A body of mass 1 kg rests on a horizontal floor with which it has a coefficient of static friction $$\frac{1}{\sqrt{3}}$$. It is desired to make the body move by applying the minimum possible force $$F$$ N. The value of $$F$$ will be ________. (Round off to the Nearest Integer) [Take $$g = 10$$ m s$$^{-2}$$]


Correct Answer: 5

To move the body with the minimum possible force, the force $$F$$ should be applied at an angle $$\theta$$ above the horizontal.
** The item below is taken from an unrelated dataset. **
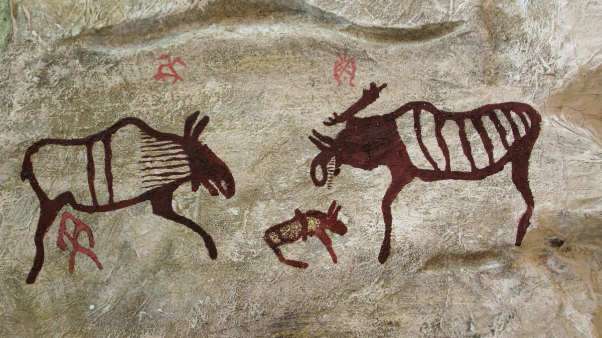 Чаще всего наскальная живопись в России обнаруживается на берегу водоемов. У озера Байкал, у Онежского озера, на Белом море. Как правило, и ниже мы поймем почему, в качестве места для нанесения рисунка избиралось какое-то укромное местечко – гроты или небольшие пещеры. В качестве краски художники первобытных времен использовали чаще всего охру, в которую добавлялись животные жир и кровь, что делало рисунок более долговечным. Наиболее часто встречаются росписи красного цвета (в чем вы убедитесь посмотрев на соответствующие рисунки). Другие цвета встречаются намного реже. Охра хорошо впитывалась в скальную породу и именно поэтому рисунки смогли сохраниться до наших дней. Тематика росписей на скалах в России в целом такая же как и в Европе – сцены охоты или ритуальных действий. В качестве объектов, наносимых на скалы выступали не только люди но также и звери, рыбы, всевозможные (в том числе и геометрические) символы. В целом на стены пещер и открытые участки скал и камни переносилось само мировосприятие первобытного человека, где весь космос оказывался взаимосвязан, одухотворен, а человек по представлениям древних находился в мистической, либо же родственной связи с животными.
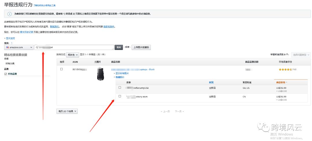 然后我们输入要投诉的asin号,勾选要投诉的跟卖

Resolving forces: the horizontal component $$F\cos\theta$$ must overcome friction, and the vertical component $$F\sin\theta$$ reduces the normal reaction.

The normal reaction is $$N = mg - F\sin\theta$$ and the friction force is $$f = \mu N = \mu(mg - F\sin\theta)$$. For the body to just move, $$F\cos\theta = \mu(mg - F\sin\theta)$$, giving $$F = \frac{\mu mg}{\cos\theta + \mu\sin\theta}$$.

To minimize $$F$$, we maximize the denominator $$\cos\theta + \mu\sin\theta$$. Taking the derivative and setting it to zero: $$-\sin\theta + \mu\cos\theta = 0$$, so $$\tan\theta = \mu = \frac{1}{\sqrt{3}}$$, which gives $$\theta = 30°$$.

The maximum value of the denominator is $$\cos 30° + \frac{1}{\sqrt{3}}\sin 30° = \frac{\sqrt{3}}{2} + \frac{1}{\sqrt{3}} \times \frac{1}{2} = \frac{\sqrt{3}}{2} + \frac{1}{2\sqrt{3}} = \frac{3 + 1}{2\sqrt{3}} = \frac{4}{2\sqrt{3}} = \frac{2}{\sqrt{3}}$$.

Therefore $$F = \frac{\frac{1}{\sqrt{3}} \times 1 \times 10}{\frac{2}{\sqrt{3}}} = \frac{10/\sqrt{3}}{2/\sqrt{3}} = \frac{10}{2} = 5$$ N.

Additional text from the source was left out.